Yes im so happy about this, i love this guy. we should have done this a while back!


----------



## Pimped Out (May 4, 2005)

i really liked him in his first stint with the spurs. didnt really see him in his second stint. i should get another chance to see him against the rockets. there will at least be plenty of trash time for him.


----------



## qross1fan (Dec 28, 2004)

Who? Anyone got any info on him?


----------



## Pimped Out (May 4, 2005)

qrich1fan said:


> Who? Anyone got any info on him?


hes a good hardnosed defender and can shoot the rock. there is nothing in his game that suggests superstar potential, but should be a great role player for the spurs as long as he stays with the franchise. when they brought him in earlier in the year, there was talk about having him be bowens replacement for when bowen retires. He has the lateral quickness to stay with his man and has good instincts, but i dont see him becoming an elite defender in the league like bowen. He does have a more complete offensive game though. He can shoot the open three and can make his own shot, not as a first or 2nd option on an NBA team, but with defenses focusing elsewhere on the spurs, sanders should be able to get his own shot off.
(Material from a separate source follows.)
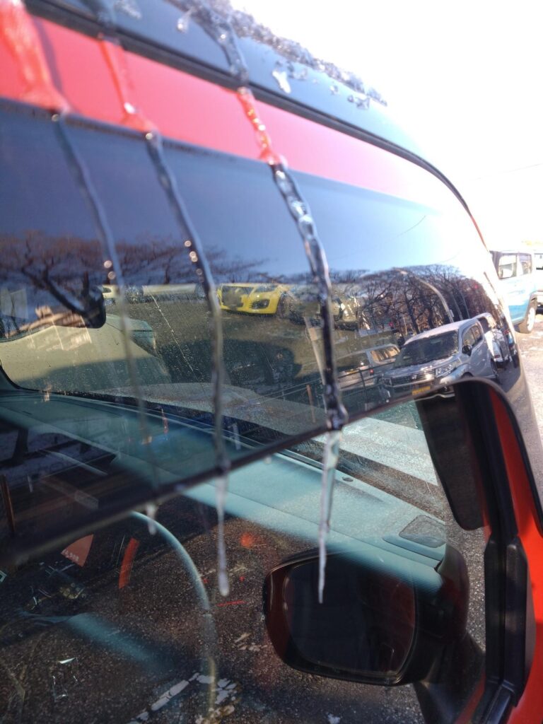 8日の積雪の様子と、9日の朝に車についたつららの写真です。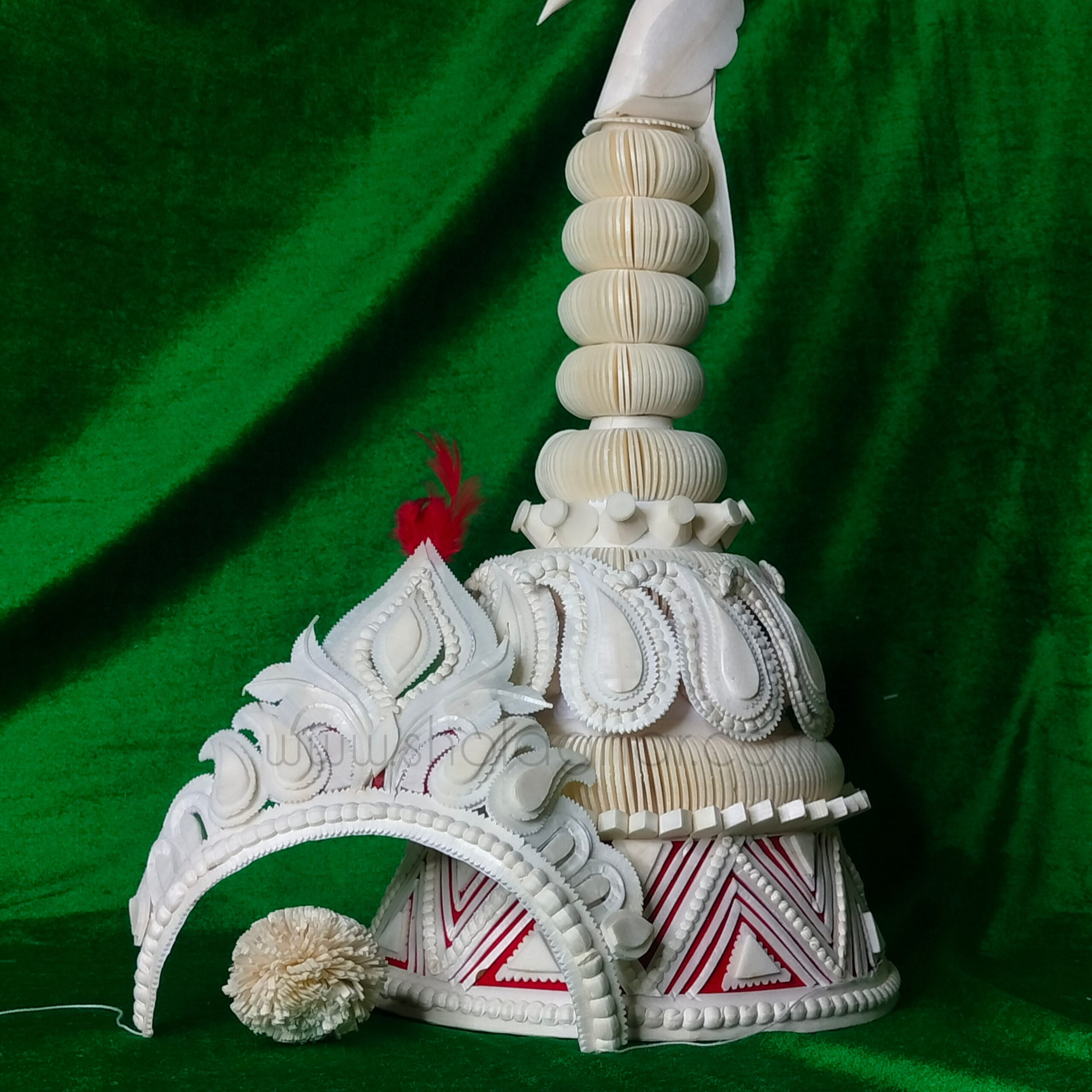 Shola ghar Celebrate the traditions of a Bengali wedding with this beautifully handcrafted Topor-Mukut Set, an essential element of Bengali matrimonial rituals. Rooted in rich cultural heritage, this elegant set is worn by both the bride and groom during the wedding ceremony, divine blessings, and marital bliss.

hope that wasnt too vague.


*Go NeTs*


----------



## endora60 (Jan 5, 2006)

Nice pickup. Isn't this the second time they've had him? If he's on a ten-day, will they keep him for another afterwards?

He's pretty decent; it'd be nice to see him get a real team over the long haul.

Laurie


----------



## Pimped Out (May 4, 2005)

endora60 said:


> Nice pickup. Isn't this the second time they've had him? If he's on a ten-day, will they keep him for another afterwards?
> 
> He's pretty decent; it'd be nice to see him get a real team over the long haul.
> 
> Laurie


this is his 3rd stint with the spurs this year.

he will be part of the franchise in the future, but hes not getting an extension this year after his 10 days.



*Go NeTs*


----------